(Provided data begins)

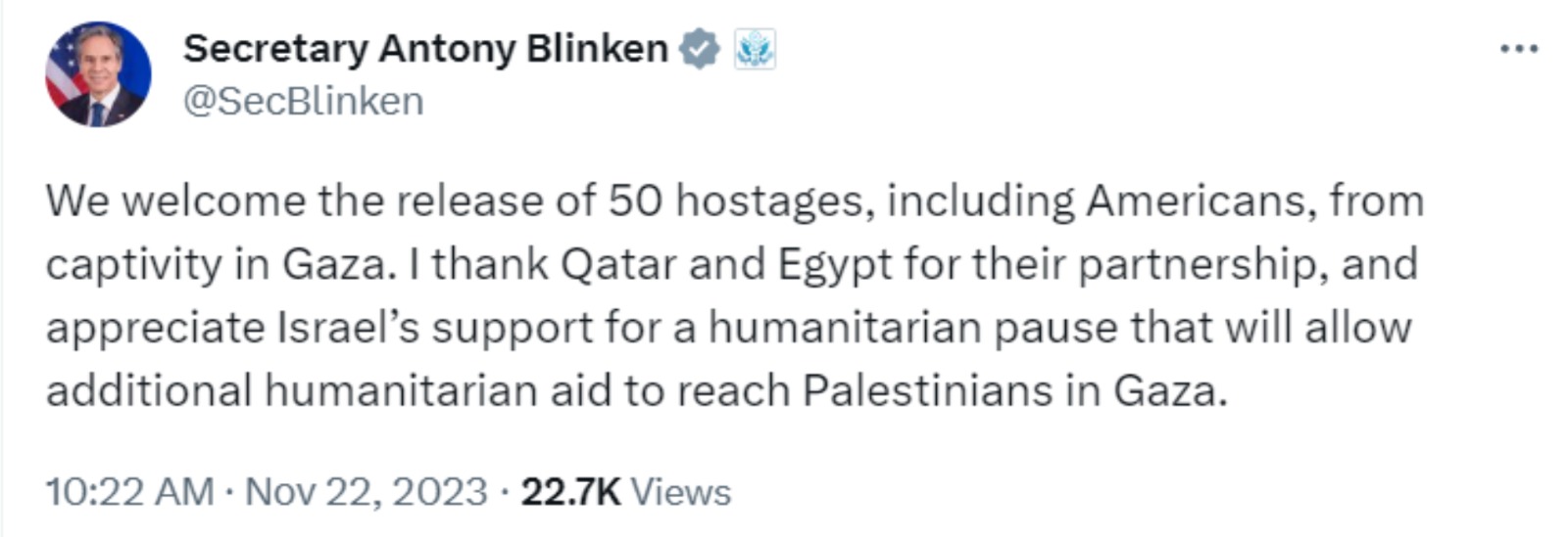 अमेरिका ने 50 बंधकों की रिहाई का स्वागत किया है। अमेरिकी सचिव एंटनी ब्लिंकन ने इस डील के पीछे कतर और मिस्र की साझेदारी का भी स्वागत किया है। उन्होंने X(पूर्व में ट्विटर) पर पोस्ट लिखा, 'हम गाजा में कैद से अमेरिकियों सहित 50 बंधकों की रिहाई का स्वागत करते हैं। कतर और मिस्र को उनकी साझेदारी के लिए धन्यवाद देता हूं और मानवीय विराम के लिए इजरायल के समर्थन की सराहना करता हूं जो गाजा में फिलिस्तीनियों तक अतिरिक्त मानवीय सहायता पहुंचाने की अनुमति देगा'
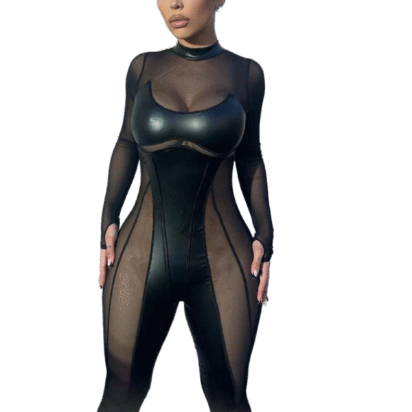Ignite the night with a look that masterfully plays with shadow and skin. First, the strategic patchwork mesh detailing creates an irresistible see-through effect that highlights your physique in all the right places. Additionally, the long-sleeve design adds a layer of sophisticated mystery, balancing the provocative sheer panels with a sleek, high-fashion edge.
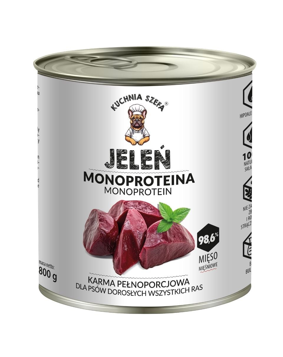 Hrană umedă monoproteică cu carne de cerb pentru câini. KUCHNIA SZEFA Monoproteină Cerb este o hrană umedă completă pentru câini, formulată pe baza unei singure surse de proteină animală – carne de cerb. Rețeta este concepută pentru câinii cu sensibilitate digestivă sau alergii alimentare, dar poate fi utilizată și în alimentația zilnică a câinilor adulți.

(Provided data ends)

### Problem to work on
Return the lines of the data above in full and exactly, with no pictures.

### Response to the exercise
 अमेरिका ने 50 बंधकों की रिहाई का स्वागत किया है। अमेरिकी सचिव एंटनी ब्लिंकन ने इस डील के पीछे कतर और मिस्र की साझेदारी का भी स्वागत किया है। उन्होंने X(पूर्व में ट्विटर) पर पोस्ट लिखा, 'हम गाजा में कैद से अमेरिकियों सहित 50 बंधकों की रिहाई का स्वागत करते हैं। कतर और मिस्र को उनकी साझेदारी के लिए धन्यवाद देता हूं और मानवीय विराम के लिए इजरायल के समर्थन की सराहना करता हूं जो गाजा में फिलिस्तीनियों तक अतिरिक्त मानवीय सहायता पहुंचाने की अनुमति देगा'
Ignite the night with a look that masterfully plays with shadow and skin. First, the strategic patchwork mesh detailing creates an irresistible see-through effect that highlights your physique in all the right places. Additionally, the long-sleeve design adds a layer of sophisticated mystery, balancing the provocative sheer panels with a sleek, high-fashion edge.
 Hrană umedă monoproteică cu carne de cerb pentru câini. KUCHNIA SZEFA Monoproteină Cerb este o hrană umedă completă pentru câini, formulată pe baza unei singure surse de proteină animală – carne de cerb. Rețeta este concepută pentru câinii cu sensibilitate digestivă sau alergii alimentare, dar poate fi utilizată și în alimentația zilnică a câinilor adulți.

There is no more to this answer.